Our View: It’s not Cruz’s birthplace that worries us
As recently as 2012, Ted Cruz was at the forefront of the “birther” movement along with Donald Trump. Cruz took every opportunity to insist President Barack Obama was born in Kenya, wasn’t truly an American. The president eventually felt compelled to release his Hawaiian “long form” birth certificate to quiet all but the most paranoid critics.
Such hijinks. Trump and Cruz must have been having a blast.
Sen. Cruz likely finds it less funny now. Donald Trump is insisting someone might challenge Cruz’s eligibility to be president due to his own birther controversy.
“Republicans are going to have to ask themselves the question: ‘Do we want a candidate who could be tied up in court for two years?’ That’d be a big problem,” Trump said.
In this case, Cruz really wasn’t born in the United States. He was born in Calgary, Alberta. Like Obama, Cruz’s father wasn’t even an American – he was Cuban, and didn’t become a citizen until 2005. But Cruz’s mother was an American, born in Delaware, and she was living in Canada because that’s where her husband worked (for an oil company). They moved to the United States when little Ted was 4 years old.
The Constitution requires the president to be a “natural-born citizen.” Experts agree that children who are born abroad to U.S. citizens automatically qualify for citizenship. It’s the same reason Sen. John McCain, who was born at a U.S. military hospital in the Panama Canal zone, was qualified to be the Republican nominee in 2008.
In September, Trump said, “Ted is in fine shape.” But then Cruz jumped ahead of Trump in the Iowa polls and Trump is back to flogging birther conspiracies, just with a different target. Still, this scenario presents an interesting question. Being born in Canada, Cruz immediately became a Canadian citizen. He would be, if his parents had wanted to stay in Calgary, a Canadian anchor baby (to borrow his phrase).

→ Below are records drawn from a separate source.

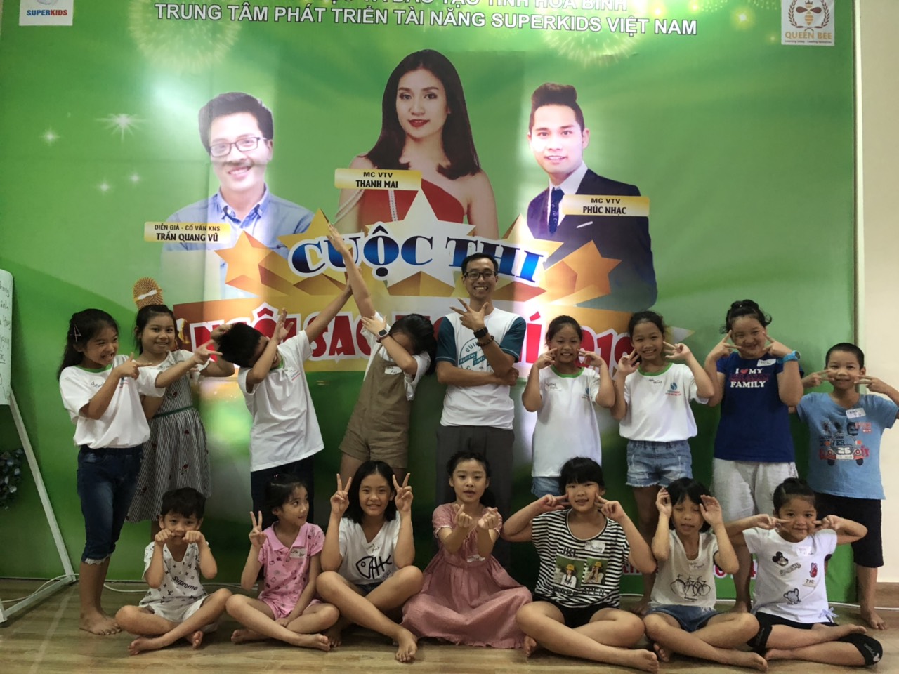 Lớp MC nhí Superkids vui, cực vui với Giảng viên Quốc Anh
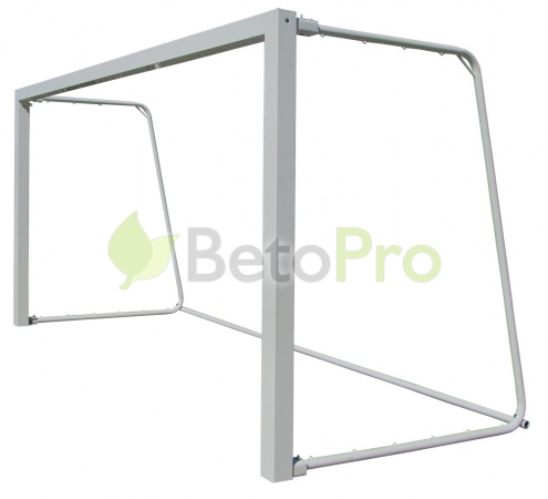 Zastosowany system sztywnych narożników wsuwanych w poprzeczkę i słupki, dodatkowo usztywnionych poprzez przykręcenie do nich boków bramki.
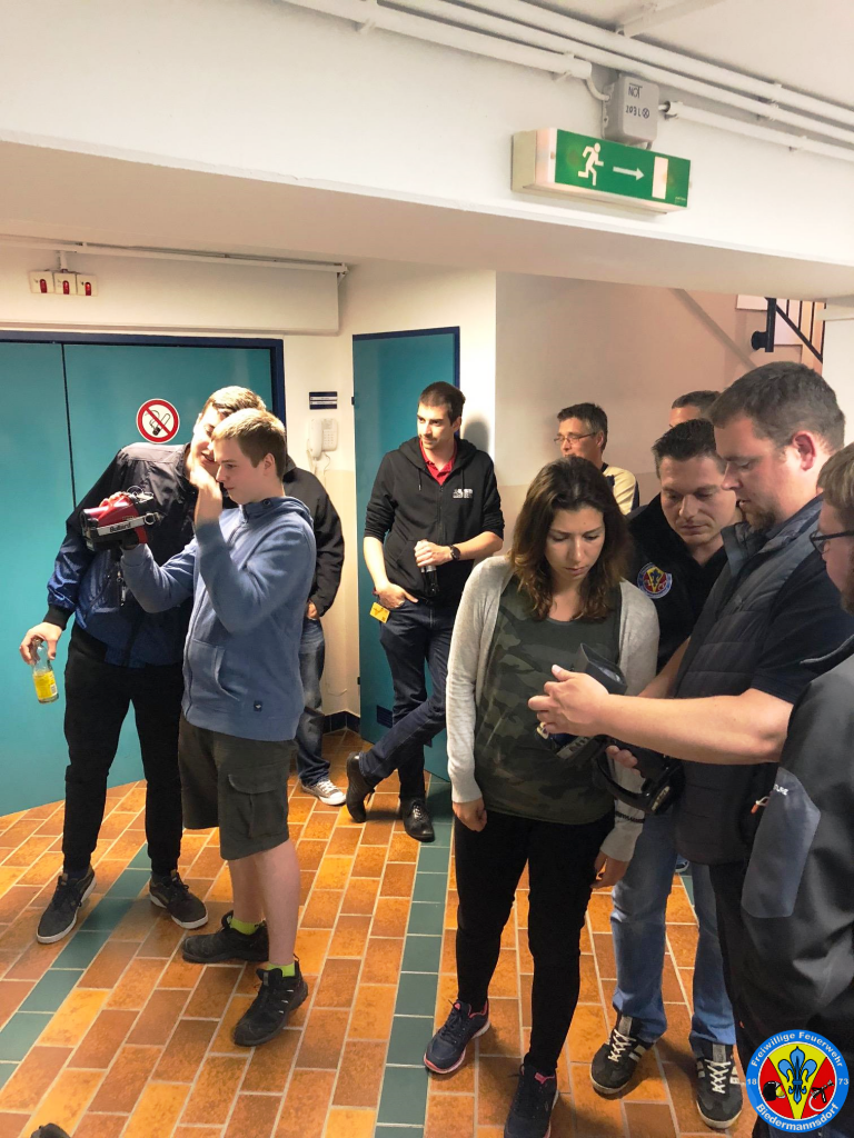 Die Vortragenden konnten mit Fachwissen und vor allem mit praktischen Erlebnissen einen hochinteressanten Abend gestalten. Nach einer ca. einstündigen Theorieschulung im Lehrsaal wurden die Teilnehmerinnen und Teilnehmer in zwei Gruppen gesplittet und in weiterer Folge wurde der Umgang mit der Wärmebildkamera geübt und das Verhalten von Rauch praktisch durchgespielt.
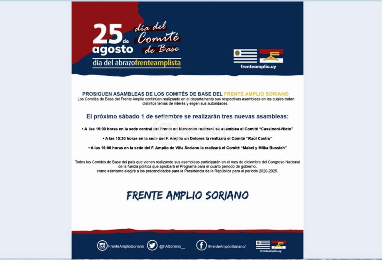 Los Comités de Base del Frente Amplio continúan realizando en el departamento sus respectivas asambleas en las cuales tratan distintos temas de interés y eligen sus autoridades. El próximo sábado 1 de setiembre se realizarán tres nuevas asambleas:

As an adult, Cruz has been at the forefront of the movement to change our Constitution, to deprive children born in this country (of undocumented immigrants) their citizenship. Is he channeling some early childhood stigma? Why does he want to deprive them of something he was clearly granted?
And what took Sen. Cruz so long to renounce his Canadian citizenship? He didn’t get around to doing that until 2014, after he decided he would like to be president of the United States (and presumably not prime minister of Canada). It wouldn’t look so good to have a dual citizen running for president. So he ditched something he had held onto for 44 years.
It strikes us as more than a little hypocritical that the candidate most eager to deny birthplace citizenship to others enjoyed that same status his entire adult life. That he got rid of it only after a newspaper questioned him might sound like patriotism to some but sounds more like CYA to us.
Dual citizenship doesn’t necessarily connote divided loyalties. But in this case, getting rid of it strikes as the act of someone with a singular ambition.